Data in this exercise: Begin

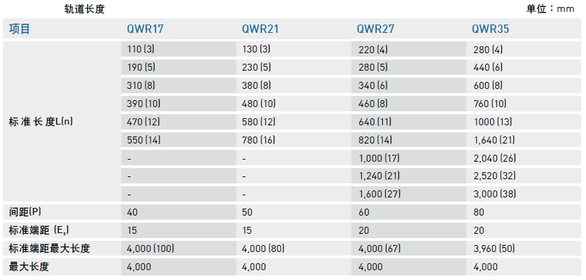 單支導(dǎo)軌標(biāo)準(zhǔn)長度及最大長度
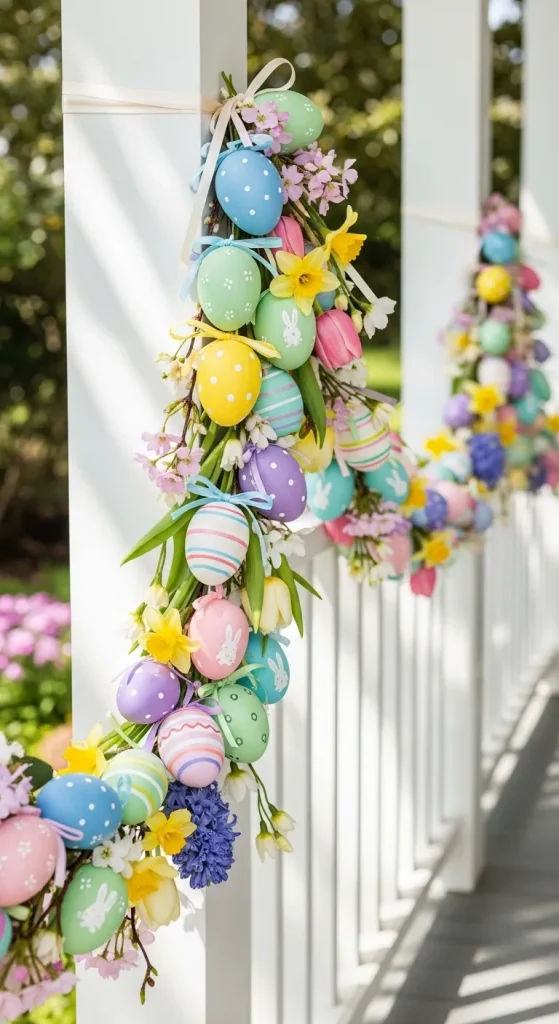 Transform your porch railing or doorway with a charming Easter egg garland. Use plastic eggs or craft your own from paper mache. String them together with twine or ribbon, alternating colors and patterns. This playful touch instantly communicates the festive spirit and can be customized to match any color scheme.
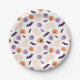 This design features a playful and colourful Halloween pattern with a minimalist design. The pattern includes simple, rounded shapes of jack-o'-lanterns, ghosts, skulls, and bats, all scattered across a white background. The colour palette is soft yet vibrant, with pumpkins in shades of orange, ghosts in pale peach, skulls in lavender, and bats in deep purple. Each element has a cute and friendly expression, making the pattern fun and lighthearted, perfect for Halloween decorations or kids' party themes. The overall design is cheerful and festive, capturing the whimsical side of Halloween.
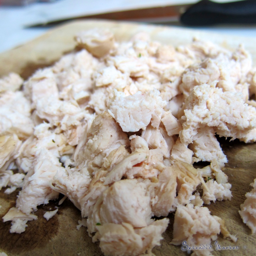 While the spinach with wilting, I chopped up about 1/2 half of the poached chicken breast.
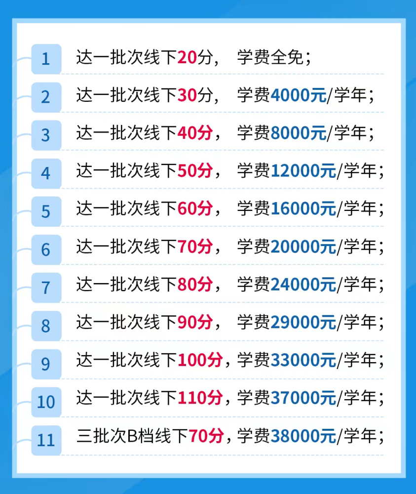 1、学费:复读班全部费用根据中考成绩实行分层梯队学费政策;
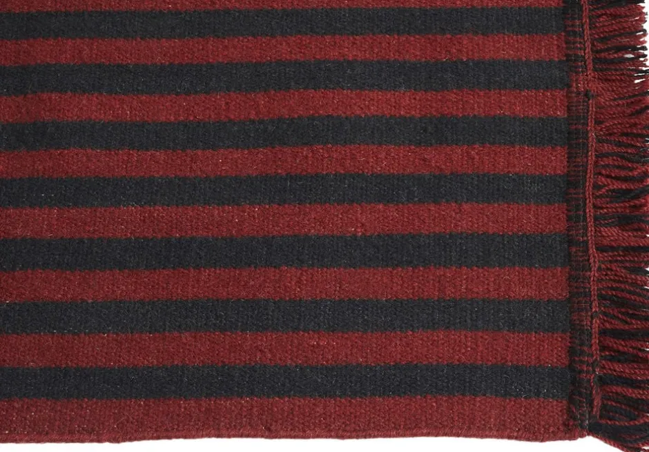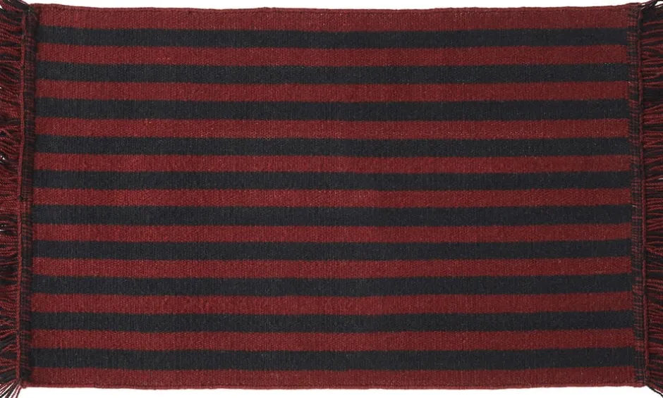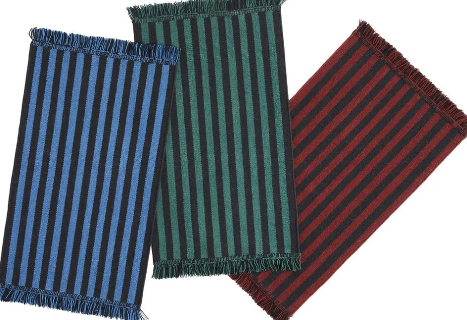 Stripes og Stripes tæppekollektionen består af dristige lodrette striber i kontrastfarver og har et rent, grafisk Design, der skaber illusionen om ekstra længde. Den er lavet af slidstærkt bomuld med frynsede ender og fås i forskellige længder og farvekombinationer

Data in this exercise: End

What needs to be done
The response must repeat all the lines above exactly and include no pictures.

Response to the exercise
 單支導(dǎo)軌標(biāo)準(zhǔn)長度及最大長度
 Transform your porch railing or doorway with a charming Easter egg garland. Use plastic eggs or craft your own from paper mache. String them together with twine or ribbon, alternating colors and patterns. This playful touch instantly communicates the festive spirit and can be customized to match any color scheme.
 This design features a playful and colourful Halloween pattern with a minimalist design. The pattern includes simple, rounded shapes of jack-o'-lanterns, ghosts, skulls, and bats, all scattered across a white background. The colour palette is soft yet vibrant, with pumpkins in shades of orange, ghosts in pale peach, skulls in lavender, and bats in deep purple. Each element has a cute and friendly expression, making the pattern fun and lighthearted, perfect for Halloween decorations or kids' party themes. The overall design is cheerful and festive, capturing the whimsical side of Halloween.
 While the spinach with wilting, I chopped up about 1/2 half of the poached chicken breast.
 1、学费:复读班全部费用根据中考成绩实行分层梯队学费政策;
 Stripes og Stripes tæppekollektionen består af dristige lodrette striber i kontrastfarver og har et rent, grafisk Design, der skaber illusionen om ekstra længde. Den er lavet af slidstærkt bomuld med frynsede ender og fås i forskellige længder og farvekombinationer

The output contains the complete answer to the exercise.